Hey folks! Nick-E here.
Wow, last workout of the Build-up to the full Primer routine! Pretty exciting stuff. Now that you’re about to leave the nest
Today we’ll be doing:
– Some reading on the limits and possibilities of “bodyweight only” training.
– Another workout!
Today’s Learning: The Possibilities and Limits of BWF Training
There is a lot that you can achieve with BWF. Many enthusiasts and fans on BWF-only training may say that the scope for progression with bodyweight fitness is endless, and pretty much anything you can achieve with other modes of training (e.g. weight training) can also be achieved with BWF. This, like many wide, sweeping statements of its kind, is a sort of half-truth. BWF is an extremely useful and fun way of training.
One of the big questions people often have is: “Can I get strong with BWF? Can I build muscle?”.
The answer is of course, yes. Ultimately, resistance is resistance. Your body cannot tell whether the hard thing you are making it do is coming from an external weight, or your own body. All you need to do to prove this is to look at the endless number of people on the /r/bodyweightfitness subreddit, on Youtube, and on Instagram that train purely (or at least mostly) with bodyweight that are very strong and have great physiques.

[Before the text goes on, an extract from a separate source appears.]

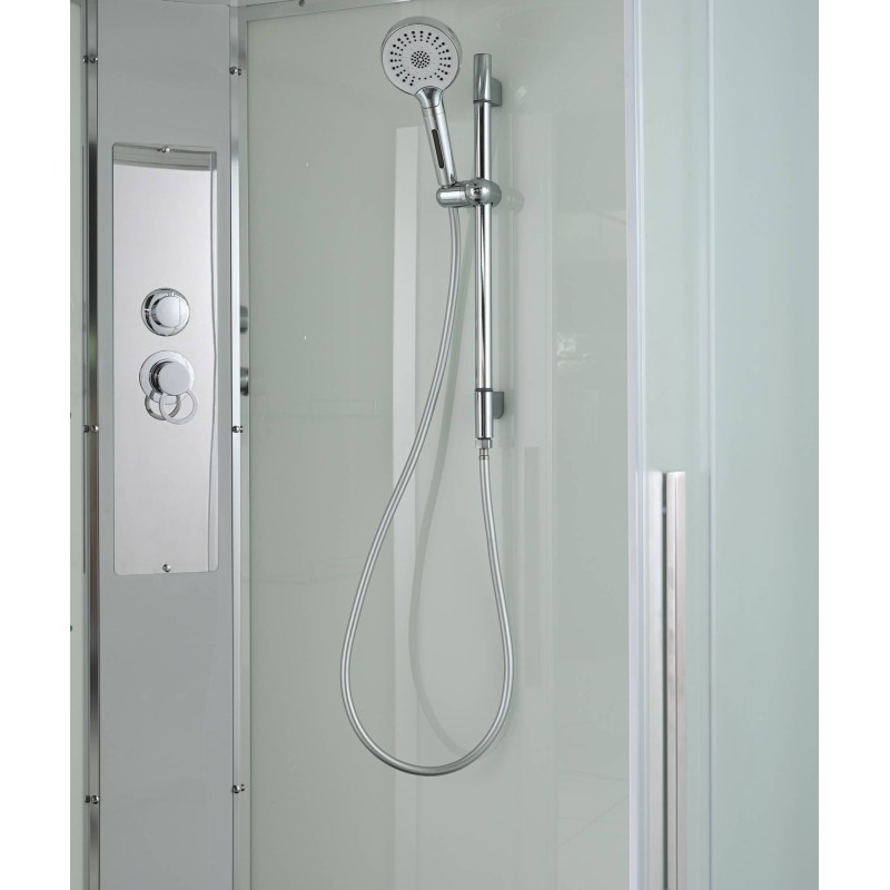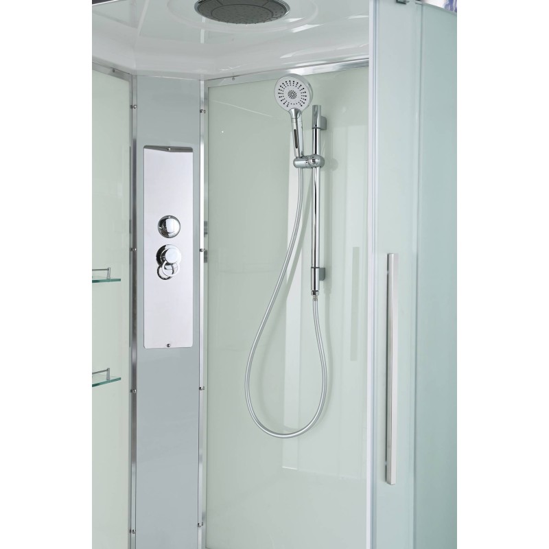 Стильная душевая кабина AvaCan сочетает в себе высокую функциональность, практичность и надежность. При изготовлении применяется безопасное закаленное стекло, надежно фиксируемое алюминиевым профилем. Профиль сделан из алюминия повышенной прочности. Сборка без силикона (увеличивает срок службы, защищает от протечек), внутренняя сборка (облегчает установку и ревизию; позволяет установить в ограниченном пространстве и обойтись без демонтажа других сантехнических приборов), смеситель резьбовой (без хомутов). Съемный экран поддона (позволяет осуществлять подключение и ревизию сифона).Двойные металлические ролики дверей (распределение нагрузки на два ролика, увеличивают срок службы). Душевая штанга(позволяет регулировать по высоте ручную лейку), ручная арома-лейка с витамином С (картридж в комплекте,есть возможность замены или удаления картриджа), полочки(из стекла, с ограничителем), сифон с гидрозатвором.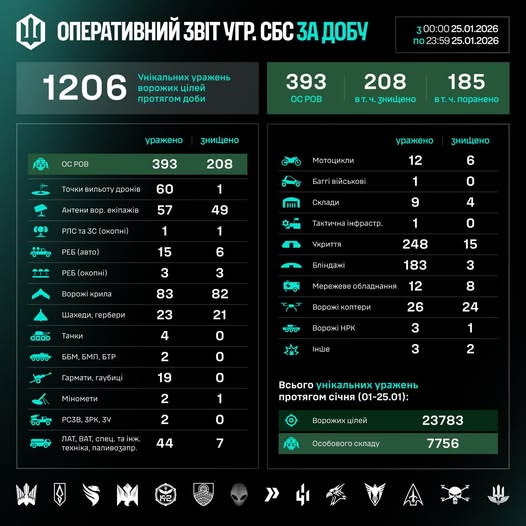 Загалом упродовж січня (01–25.01) знищено/уражено 23783 цілей, з них – 7756 особовий склад противника.

Not only that, but for a modest gain in strength and muscle that most people will be looking for, BWF is more than enough.
However, BWF will never be exactly as good as weight training for getting stronger and gaining muscle, which will be relevant to those who have somewhat loftier strength and muscle gain related goals, purely because of a few reasons:
Limit #1: The Convenience of Incremental Progressive Overload
With weight training, you can incrementally adjust the difficulty of an exercise by very small amounts (down to the difference of 1kg or even 0.5kg in some cases) which makes it much easier to progressively overload, and tailor the intensity of exercises specifically to exactly what you want.
With bodyweight training, the jumps in difficulty between different exercises are much larger and so can’t be individually micromanaged as well, and a great deal of rep progression must occur in order to bridge the gap between progressions. This is, generally speaking, a ‘clumsier’ way of going about it.
Limit #2: Training with Leverages
We’ve established that you only weigh so much, and the way you get around that is by playing with leverages. Well that’s a great workaround for a time, but once you advance to a certain level of strength, continuing to manipulate leverages any further begins to create a more than proportional strain on the passive connective tissues in most cases. This means that the ceiling/limiter to your progress will not be your muscular strength or size, but rather the integrity and strength of your tendons. This means after a certain level of strength, in order to keep progressing, your body won’t really need more muscle, it will need stronger tendons. And that will slow your progress considerably because tendons take about (this is an estimate from memory, someone give me a citation on this!) 6-12 times longer to heal/build up than muscle does.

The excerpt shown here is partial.